Bien sûr, reconnaissent les experts de l’agence basée à Paris, certaines compagnies comme Total, diversifient leurs activités, notamment en se développant dans la distribution d’électricité. Mais cela reste insuffisant, jugent les experts de l’AIE. Pendant de nombreuses années, rappellent-ils, les secteurs des transports consommeront encore des carburants liquides, même avec un développement rapide des véhicules électriques. D’où l’intérêt de développer carburants et combustibles bas carbone, issus de l’hydrogène, du biométhane ou des biocarburants avancés.

Un message qui peine encore à être entendu dans les conseils d’administration. Selon les projections de l’AIE, les compagnies pétrolières devraient voir leurs investissements pétroliers passer de 3.000 à près 5.000 milliards de dollars par an, entre 2018 et 2040. En 2040, le montant des investissements électriques des pétrolier devraient flirter avec les 4.500 Md$: deux fois plus qu’en 2018. Encourageant? Pas vraiment. Car, la réduction des émissions du secteur ne passe pas par une baisse de son intensité carbone, mais par une réduction de sa production d’huile, de gaz et, le cas échéant, de charbon.

stranded assets

Et laisser dans le sol ces hydrocarbures, diminuer l’activité des raffineries et des trains de liquéfaction réduira de facto la valeur des réserves et des installations détenues par les opérateurs. Sous la poussée de politiques publiques défavorables aux énergies fossiles (taxe carbone, par exemple), l’AIE n’estime pas déraisonnable de voir chuter de 6 millions de baril par jour (soit environ 6% par rapport au niveau actuel) le niveau de production de brut au milieu de la prochaine décennie. Pareille décrue pourrait faire chuter de 1.200 milliards de dollars la valeur des actifs pétroliers.
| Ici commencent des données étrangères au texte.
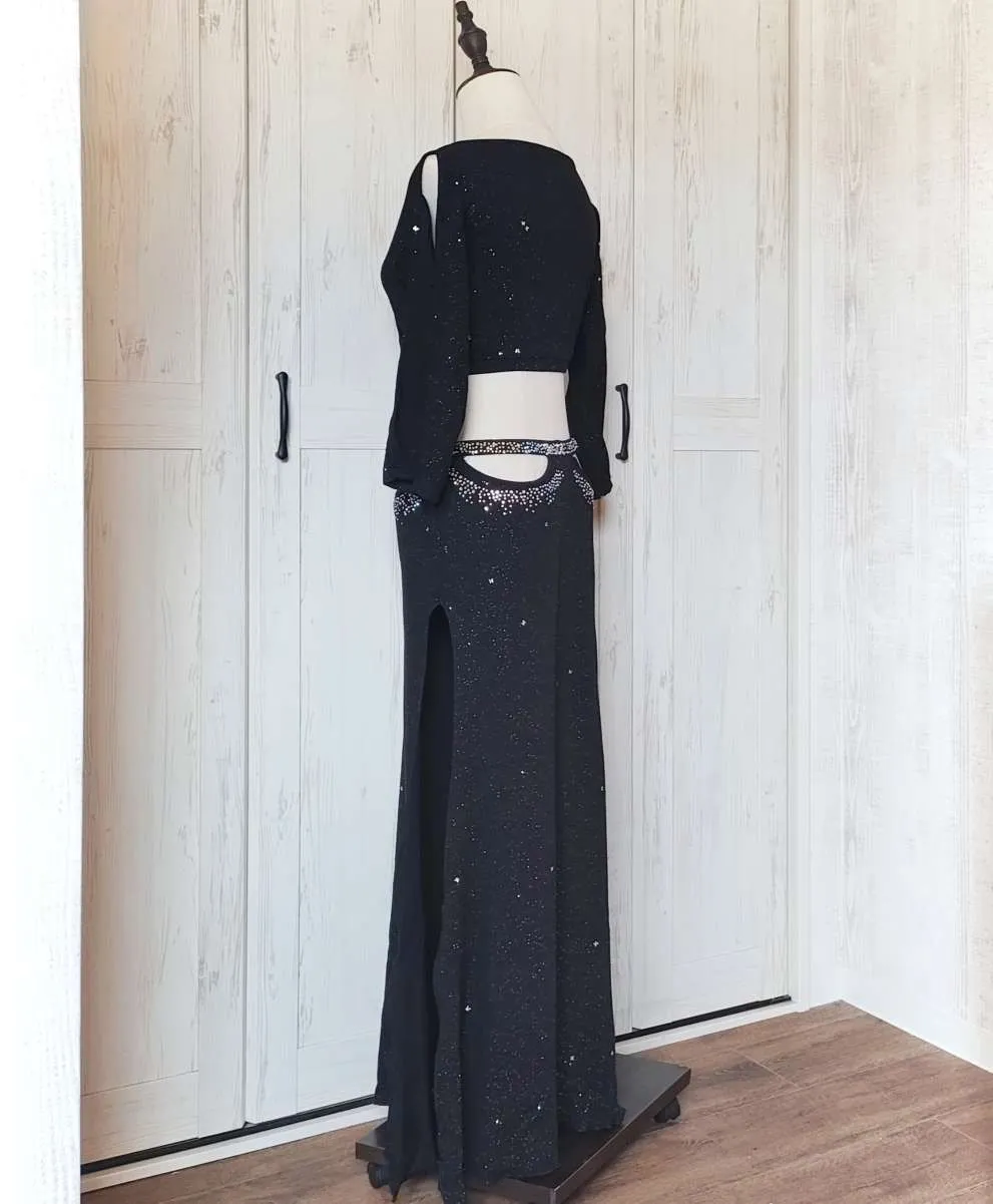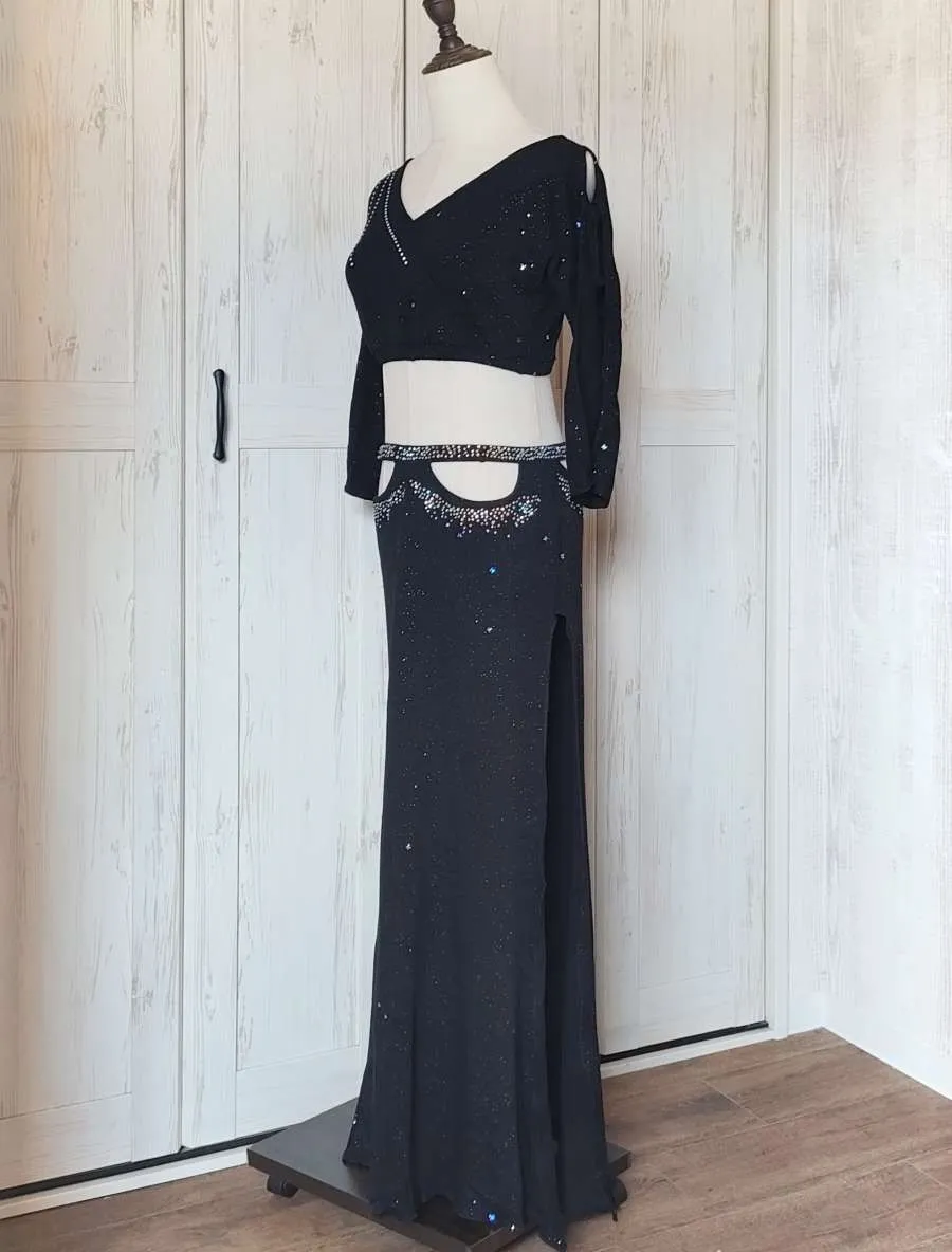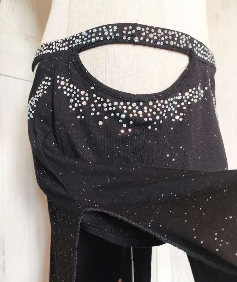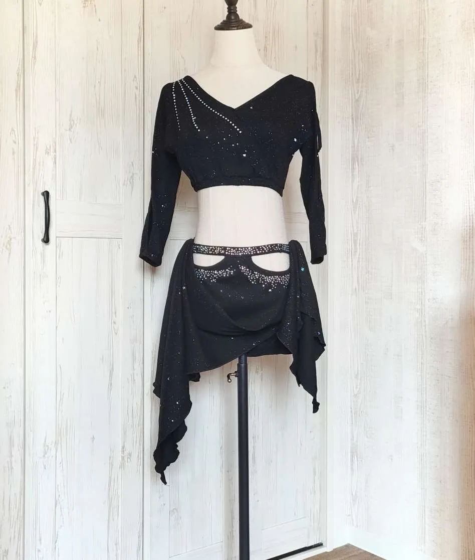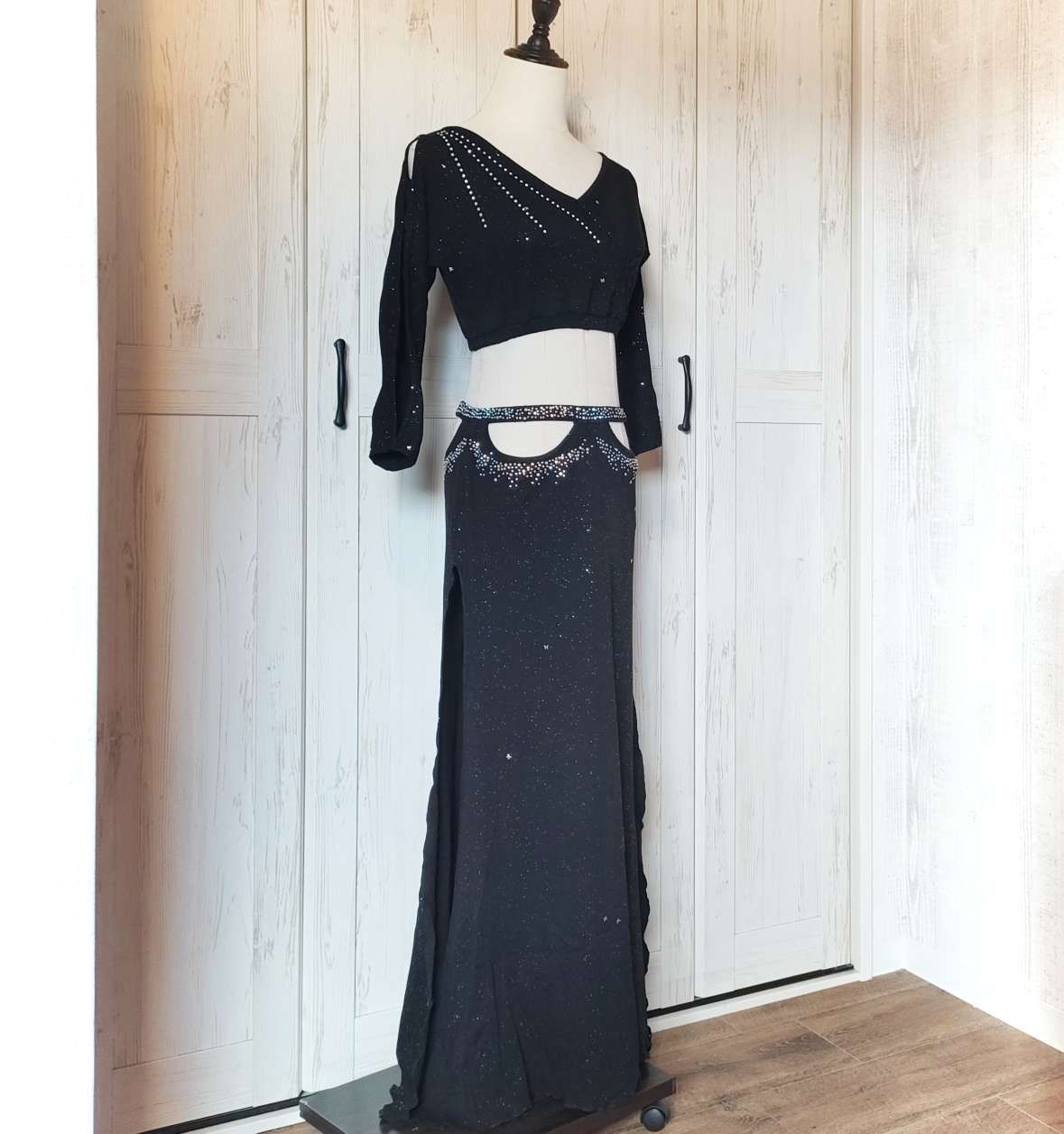 ★新品★ベリーダンス衣装セットアップ レッスン着ウェア練習着 トップス スカート オーロララインストーン

De rentables, ces installations deviendraient des actifs pourris, stranded assets.

plafond carbone

Consommer les réserves prouvées d’énergies fossiles relâcherait plus de 3.000 milliards de tonnes de CO2: 5 fois le plafond qui nous est alloué pour stabiliser le réchauffement à 1,5°C. Si nous voulons atteindre cet objectif fixé par l’Accord de Paris, nous ne pouvons plus consommer que 40% des réserves pétrolières et gazières et 13% des gisements connus de charbon. Ce serrement de ceinture serait particulièrement préjudiciable aux compagnies pétrolières nationales, telles la vénézuélienne PDVSA, qui détiennent les réserves d’énergies fossiles les plus importantes et sont les plus dépendantes de leurs exportations d’énergies fossiles.

Mal engagée, la transition climatique du secteur pétrogazier n'est pas seulement vitale pour le climat, elle l'est aussi pour ses actionnaires et des contribuables de nombreux pays.




[1] Le méthane a un pouvoir de réchauffement global 28 fois plus puissant que celui du CO2.